Impact of current Shipping challenges on global trade and economy

Solution: 3 ways to increase efficiency

The supply chain disruptions are an indication of what ails the shipping industry at large and will most likely persist beyond Covid-19. This calls for long-term planning. Maritime consultant Drewry suggests three solutions, which cannot work without the entire supply chain coming together. They are:      

  1. Ensure greater transparency of port capacity and productivity to catch early warning signs
  2. Urge shippers to act on the early warning signs and re-route cargo early. Re-routing means additional expense, so this might call for some form of financial incentive, Drewry suggests   
  3. Encourage carriers to proactively adjust schedules early and refrain from cut-and-run responses 

To make these suggestions action, several tech companies are offering digital solutions to shippers and carriers. These include:

  • Port Intel, an online port congestion report service Launched on March 15, informs its subscribers when their ships are anchored near congested ports and helps them look for alternative routes.
  • Port technology provider Portchain’s berth optimisation software provides data on berthing capacity at ports. This helps carriers plan ahead and share accurate schedule details with ports, which can optimise their berthing and equipment utilisation as a result. Portchain counts several ports in Europe and Asia as well as leading carrier Hapag-Lloyd among its customers.
  • Non-profit Digital Container Shipping Association’s (DCSA) Track & Trace (T&T) standards offer shippers real-time, cross-carrier data on the status of their cargo. The DCSA T&T standards have been adopted by most of the association’s carrier members including MSC, Ocean Network Express (ONE), CMA CGM, Yang Ming and Evergreen.
  • Port of Singapore Authority’s (PSA) cargo solutions, such as “Priority Discharge” for time-sensitive cargo, “Top Stowage” and “Express Delivery” for shipments requiring expedited discharge and delivery, “Flexi-Alerts” email or SMS service for timely updates on vessel arrival and departure, load and discharge times, and so on.        
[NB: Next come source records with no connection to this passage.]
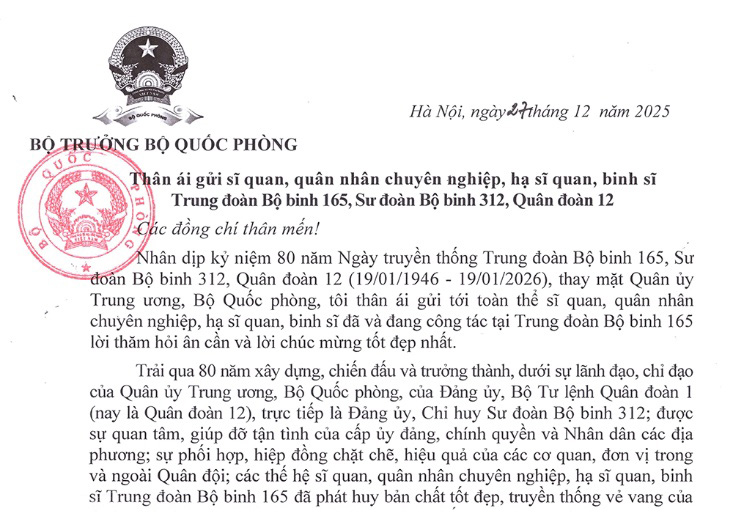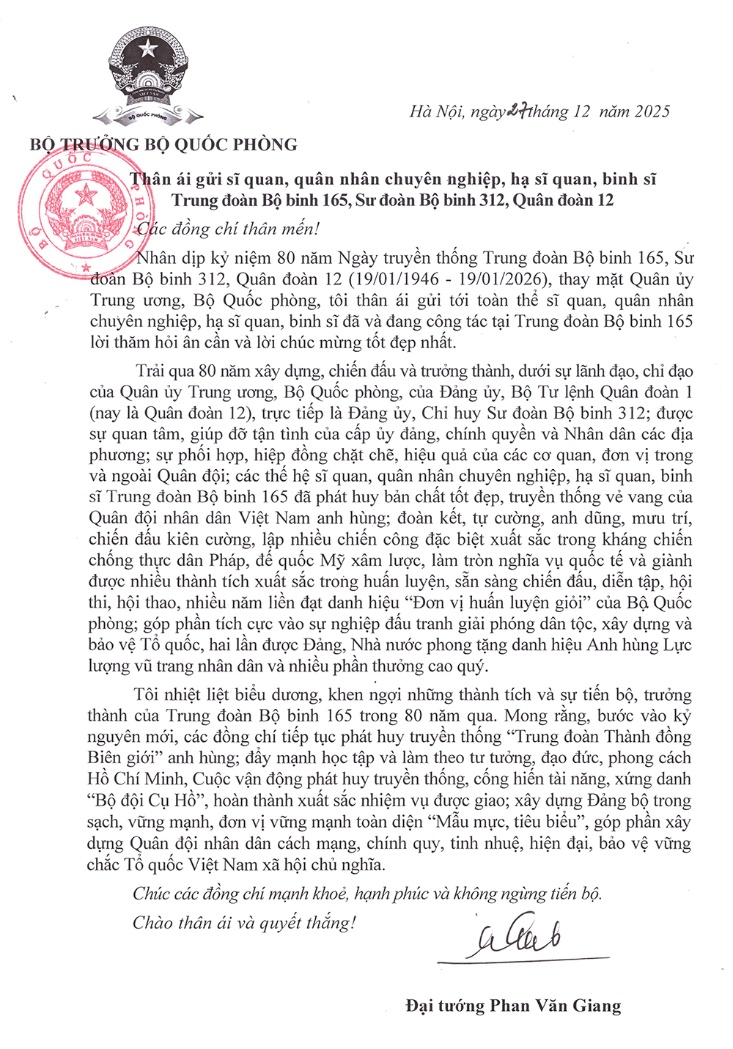 Nhân dịp kỷ niệm 80 năm Ngày truyền thống Trung đoàn Bộ binh 165, Sư đoàn Bộ binh 312, Quân đoàn 12 (19/01/1946 - 19/01/2026), thay mặt Quân ủy Trung ương, Bộ Quốc phòng, tôi thân ái gửi tới toàn thể sĩ quan, quân nhân chuyên nghiệp, hạ sĩ quan, binh sĩ đã và đang công tác tại Trung đoàn Bộ binh 165 lời thăm hỏi ân cần và lời chúc mừng tốt đẹp nhất.
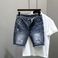 Men's Clothing Summer Trendy Brand Internet Celebrity Ripped Denim Shorts Men's Korean Style Trendy Slim Fit Blue Trendy Five Point Shorts
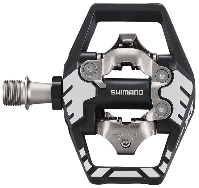 The Shimano M8120 XT Trail Pedals have wider edge-to-edge contact areas to improve the riders stability as well as the pedal-to-shoe interface which transmits power efficiently for better control. The integrated cage not only protects the binding from impacts but also makes stepping-in easier working as a guide.
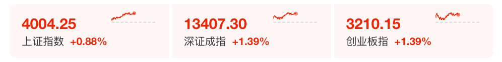 11月6日上午,A股三大股指集体高开高走,沪指重回4000点关口上方,科创50指数一度涨逾3%。截至午间收盘,沪指涨0.88%,深证成指涨1.39%,创业板指涨1.39%。
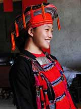 中國歷史上遷徙較多的一個民族,其先民一般認為是秦漢時長沙武陵蠻的一部分,或說源于“五溪蠻”。自隋唐開始,廣西瑤族由湖南和廣東等地遷入。到明代,廣西成為瑤族的主要分布區(qū),主要聚居在金秀、巴馬、都安、大化、富川、恭城 6個瑤族自治縣,幾逯递^多,有盤瑤、過山瑤、頂板瑤、花籃瑤、白褲瑤、藍靛瑤、紅瑤、茶山瑤等稱謂,幾逵凶约旱恼Z言,屬漢藏語系苗瑤語族,其語言支系復雜,幾宓貐^(qū)一般通用漢文或壯文,沒有本民族文字。 瑤族的宗教信仰因地而異,有自然崇拜、祖先崇拜,也有圖騰崇拜。還有些地區(qū)信仰巫術和道教,幾宸课萁ㄖL格多樣,其中最具特色的是木樓。木樓依山傍水,前低后高,坐落方向不限。木樓群一般分為三層 :吊樓下為第一層,用于圈家畜;第二層住人;第三層儲存糧食和物品。木樓建造無須一根鐵釘,十分堅固。室內陽光充足,空氣流通。古有“瑤好五色衣裳”之稱,瑤族服裝常飾五色絲線的繡花 ,幾鍕D女頭飾最為講究,有“龍盤”形、“A”字形、“半月牙”形等。“龍盤”形是把十多米長的繡花巾盤在頭上;“A”字形是指用繡花巾纏繞而成,上窄下寬,再系上各色絲絨線和彩色珠子;“半月牙”形是指將三塊“半月牙”型的銀牌置于頭頂上……,幾宄4⿲鬅o扣上衣,系腰帶。男子下身穿青褲,護綁腿。女子上衣圖案豐富多彩,有花、鳥、魚、蟲、幾何圖案、人物形象…… ,衣領有圓領、豎領兩種,下身穿布片裙、繡花裙等。

From the suggestions and solutions mentioned above and from UNCTAD, it is clear that a permanent fix for the current problem lies in increased digitisation of shipping services and improved communication between supply chain partners.

When will the situation normalise?

Not until 2022, by most accounts. Port and container shortages are expected to persist through 2021, lessening in degree with the passing months. Freight rates will likely stay high till 2022, according to Drewry’s latest Container Forecaster report. It tallied the collective operational profit for shipping lines in 2020 to be $26.6 billion, the highest it has recorded, and predicted that this record might be eclipsed in 2021. Freight rates might start easing up in 2022 but are expected to stay elevated till 2023, the report added.